Innovative and restless in his nature, he was frankly bored by the routine of legal practice, the only part of which he enjoyed was trial work and the development of trial strategy. In his spare time, he began to write for the Pulp magazines, which also fostered the early careers of Dashiell Hammett and Raymond Chandler. He created many different series characters for the pulps, including the ingenious Lester Leith — a parody of Dorothy Sayers's Lord Peter Wimsey — and Ken Corning, a crusading lawyer who was the archetype of his most successful creation: the fictional lawyer and crime-solver Perry Mason, about whom he wrote more than eighty novels. With the success of Perry Mason he gradually reduced his contributions to the pulp magazines, eventually withdrawing from the medium entirely, except for non-fiction articles on travel, Western history, and forensic science.
Gardner also devoted thousands of hours to a project called "The Court of Last Resort", which he undertook with his many friends in the forensic, legal and investigative communities. The project sought to review and, if appropriate, to reverse, miscarriages of justice against possibly innocent criminal defendants who were convicted owing to poor original legal representation and/or to the inadequate, careless or malicious actions of police and prosecutors and most especially, with regard to the abuse or misinterpretation of medical and other forensic evidence. The resulting 1952 book earned Gardner his only Edgar Award, in the Best Fact Crime category.
The character of Perry Mason was portrayed in various Hollywood films of the 1930s and 40s, and eventually became a long-running TV series with Raymond Burr as the title character. Gardner made an appearance as a judge in the final episode of the original series. In the late 1980s and early 1990s, Mason was revived for a series of made-for-TV movies featuring surviving members of the original cast, including Burr.
Under the penname A. A. Fair he also wrote a series of novels about private detectives Bertha Cool and Donald Lam.

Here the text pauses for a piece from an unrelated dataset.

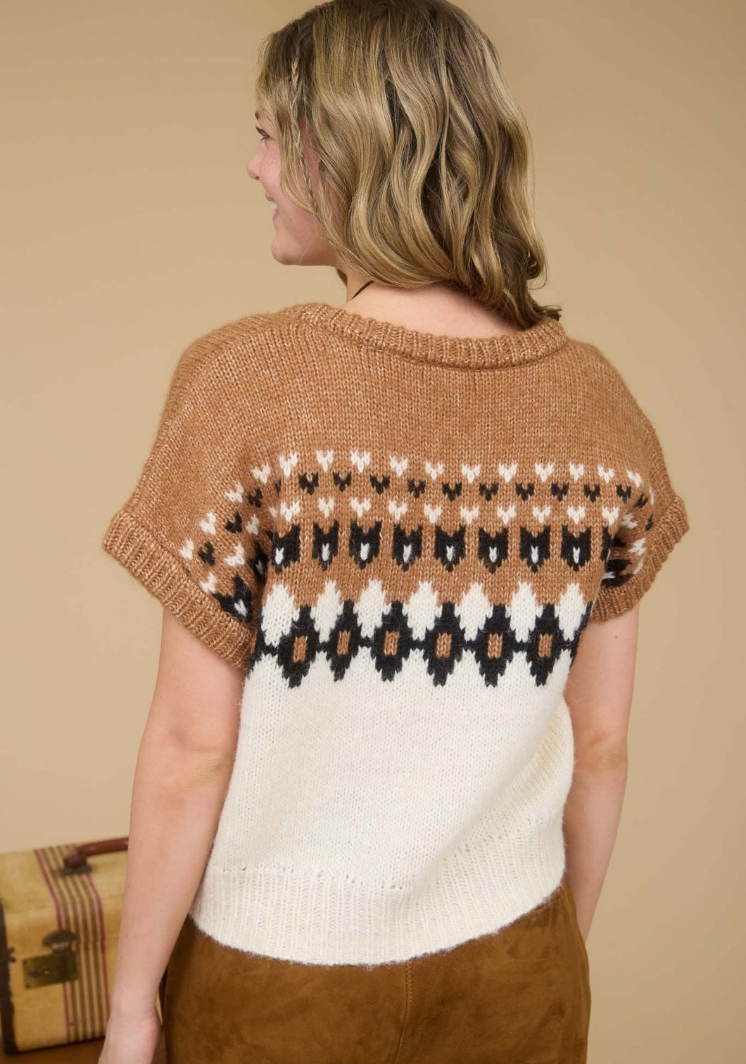 V NECKLINE SHORT SLEEVES DROP SHOULDER RIBBED TRIM FAIR ISLE MULTICOLOR PATTERN KNIT PULLOVER SWEATER WOOL BLEND 42% ACRYLIC 29% NYLON 21% POLYESTER 8% WOOL
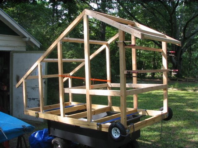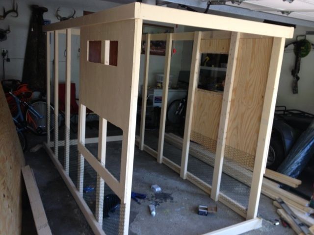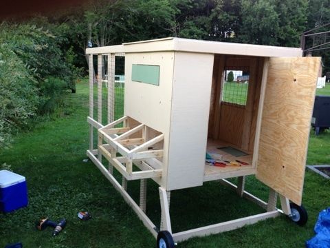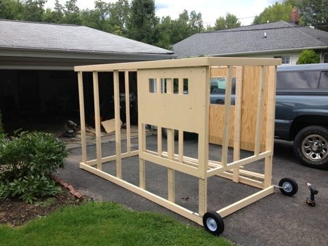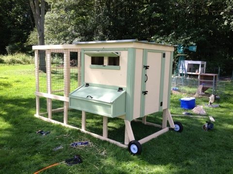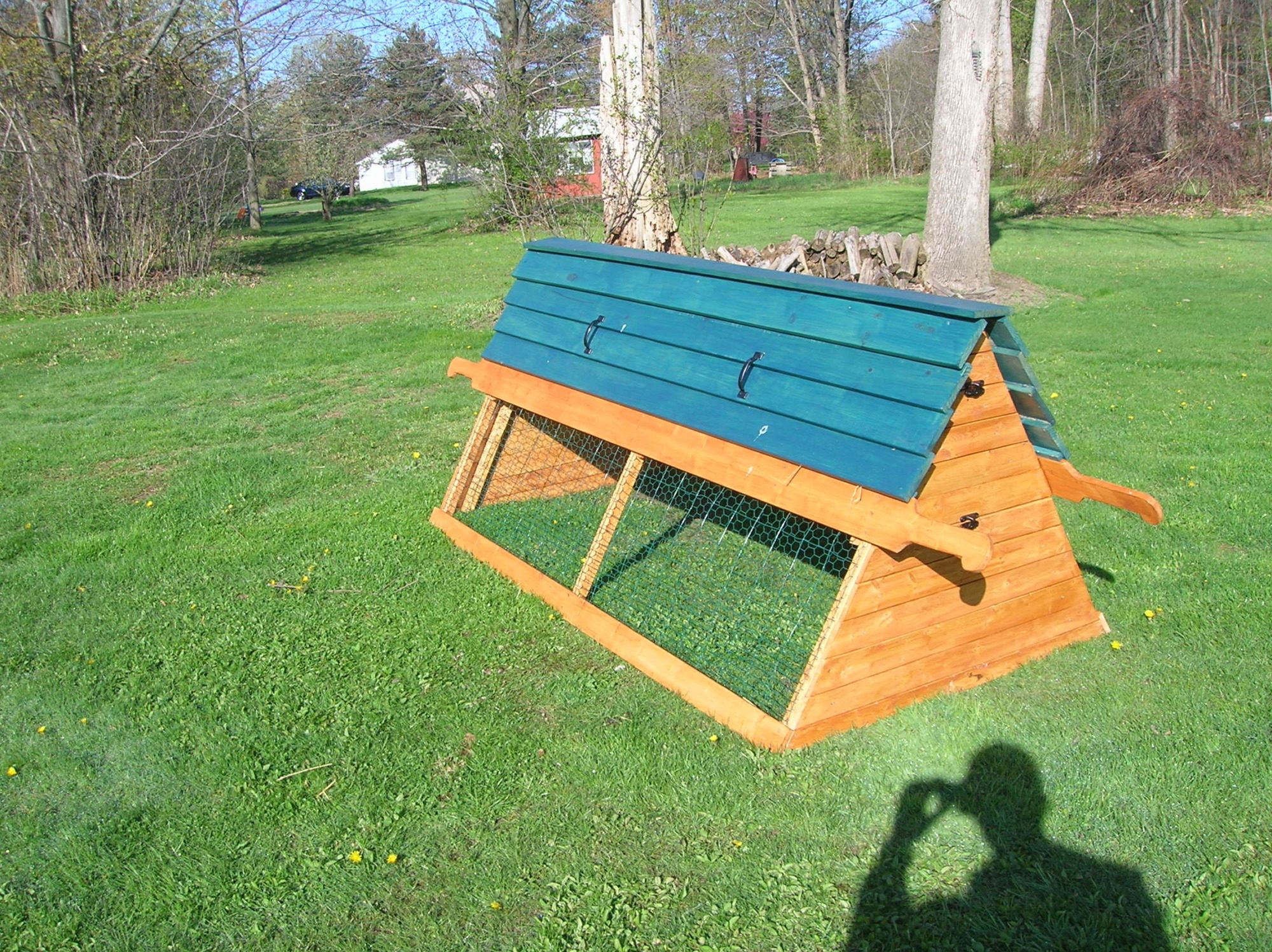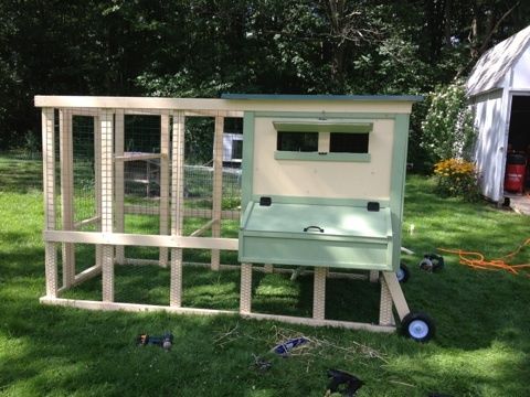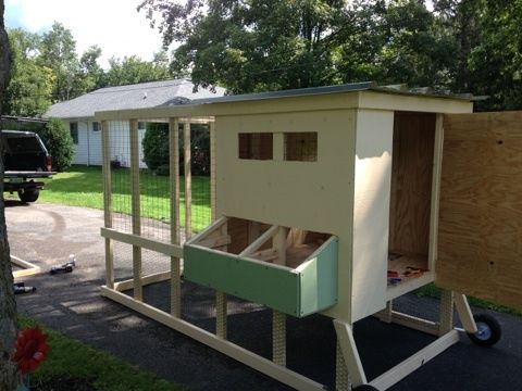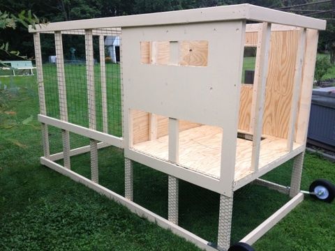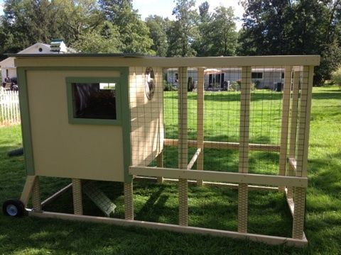 I've had fox trouble and cant let my birds free range anymore. Long time reader, first time poster. When my pregnant wife was guarding the birds in the backyard from a fox with a shotgun I knew it was time to build a new coop. Anyway, we are building a house and I wanted it to come with us, so I made it 10' long, just under 5' wide and 6 feet high so I can fit it on my trailer. Also, under the door on the run-end I but a large eye bolt so I can lift it with my atv winch or tractor bucket and move it/roll it.

He also wrote another noteworthy series of novels about District Attorney Doug Selby and his opponent, the rascally Alphonse Baker Carr. This series is interesting in that it is an inversion of the motif of the Perry Mason novels, with prosecutor Selby being portrayed as the courageous and imaginative crime solver and his perennial antagonist A.B. Carr being a wily shyster whose clients are always "as guilty as hell".